“Mbak, kami masuk dulu ya,” desis Bavik sopan sambil menunduk sedikit, memberi hormat pada ibu tetangga yang berdiri anggun di pagar pembatas rumah mess mereka.
“Ya, cantik,” sahut ibu muda itu dengan suara renyah dan senyum manis khas ibu-ibu yang suka bergosip, tapi tetap ramah.
Karena ibu tetangga itu berdiri cukup dekat dengan pagar sejak Bavik keluar tadi, maka sebelum masuk ke dalam rumah, Bavik mencubit tangan ibu tetangga itu pelan dengan senyuman jahil.
“Aku nggak bawa uang kecil, Bu. Ini saja ya,” kata Bavik sambil mencubitnya perlahan ….
Ibu tetangga cuma nyengir geli, lalu pura-pura menahan tangan Bavik sambil berkata, “Sudah, masuk sana! Tuh, suaminya baru pulang tuh. Mungkin minta ditemani minum teh atau kopi!”
Bavik langsung tertawa kecil sambil melirik Otong yang baru saja berjalan pelan menuju pintu, walau wajahnya tidak terlalu kelihatan tampan, tetapi semuanya lengkap dan berfungsi sempurna, dia dengan gaya lelah khas pria tangguh yang baru pulang kerja keras.
“Bang, katanya butuh ditemani minum kopi tuh,” ujar Bavik menggoda, membuat Otong mengangguk pasrah seperti singa tua yang sudah jinak.
Setelah mengucap pamit sekali lagi, pasangan muda itu masuk ke mess mereka yang mungil namun hangat.
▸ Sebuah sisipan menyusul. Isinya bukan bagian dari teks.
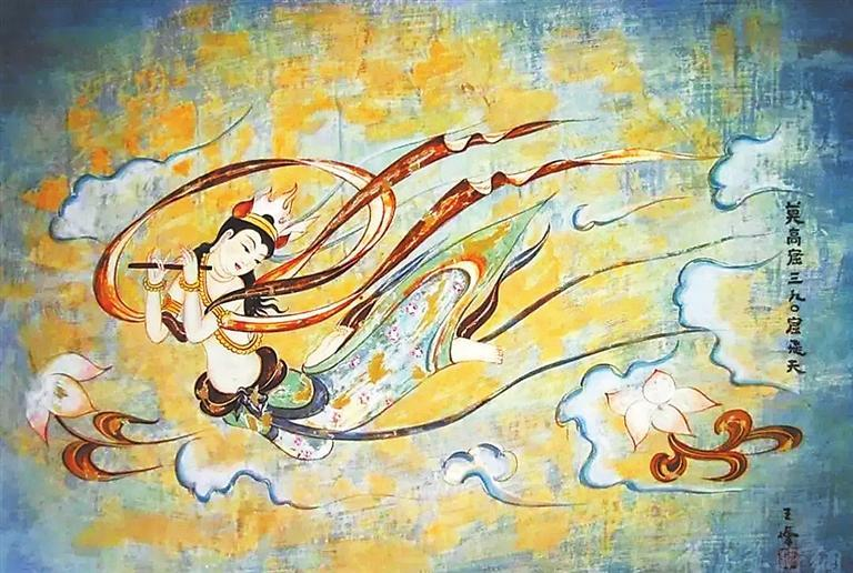 敦煌莫高窟,窟窟有壁畫,拼接起來長達45000多平方米,有世界上“最大畫廊”之稱。這些壁畫中,幾乎每幅都有舞蹈形象,如在窟頂、龕楣、藻井遨游的飛天,憑欄上的天宮伎樂,經(jīng)變畫中的娛佛、敬佛的獻舞者——伎樂天,出行圖中跳著具有濃郁生活氣息的世俗樂舞,以及富有舞蹈美感的彩塑菩薩、天王力士等,琳瑯滿目,精妙絕倫。這些舞蹈形象充分反映了從十六國北朝至元代千余年來不同歷史時期的舞蹈服飾、形態(tài)、風貌,為我們挖掘、整理、弘揚中華民族舞蹈文化提供了十分珍貴的形象資料。

Begitu masuk, Otong langsung menaruh sepatunya di rak, walaupun sebelahnya sudah copot solnya akibat dipakai kerja seminggu tanpa istirahat.
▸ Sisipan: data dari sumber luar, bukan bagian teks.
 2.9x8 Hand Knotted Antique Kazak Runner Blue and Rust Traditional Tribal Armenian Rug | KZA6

Langsung saja dia menuju dapur dan mengambil gelas. Dua, tiga, empat tegukan air putih ia tenggak habis tanpa jeda.
Haus … legaaaa …
Badannya benar-benar kehausan setelah berjalan cukup jauh dari lokasi kerja. Di luar, cuaca memang agak terik meski matahari belum benar-benar garang.
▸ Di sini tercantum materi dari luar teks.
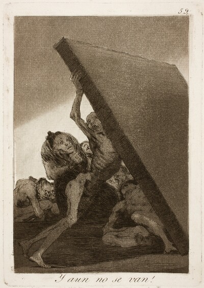 Dibujo preparatorio del Capricho 59. ¡Y aún no se van! El dibujo, realizado con líneas de sanguina, no contiene más que el bosquejo de la pesadilla, en el que consigue reflejar la tensión entre el peso de la piedra y la fuerza del espectro que trata de impedir que los aplaste. Pero es la aguatinta, y con ella el juego de las luces y las sombras, lo que creará verdaderamente este “horror de lo vago y de lo infinito” en la estampa final.

Tapi rupanya, bidadarinya sudah lebih dulu bersiap. Bavik , dengan perut mudanya yang mulai membuncit, telah menyiapkan dua cangkir; satu berisi kopi, satu lagi teh.
Keduanya disiapkan lengkap dengan piring kecil berisi kue kering andalan mereka: nastar dan kue kacang yang rasanya sudah seperti warisan keluarga.
“Kita minum di belakang, Bang!” ujar Bavik dengan semangat.
Otong mendongak, sedikit heran.
“Tapi di belakang itu banyak debu halus, Dek. Nggak bersih. Nanti kamu malah batuk-batuk.”
“Tapi pagi ini, entah kenapa, aku pengin duduk di situ. Sama Abang. Please?” pinta Bavik dengan suara manja yang bisa meluluhkan hati satpam paling galak sekalipun.
Otong menghela napas. Sejak Bavik hamil, mood-nya memang bisa berubah dari pelangi jadi badai dalam dua menit. Maka ia memilih menyerah, damai.
“Ya deh,” jawabnya.
Otong pun membuka pintu belakang mess tempat keduanya dan menyapu pelan lantai semen kasar yang sudah mulai berlumut itu. Ia juga mengelap pagar kayu seadanya.
Setelah itu, ia membawa dua kursi kayu dan sebuah meja kecil dari dalam rumah, meskipun kaki meja itu sudah goyah dan pernah hampir membuat teh tumpah ke celana minggu lalu.
Bavik menyusul dengan hati-hati membawa nampan berisi kopi, teh, dan kue. Otong segera menyambut, mengamankan posisinya di tangan agar tidak tumpah.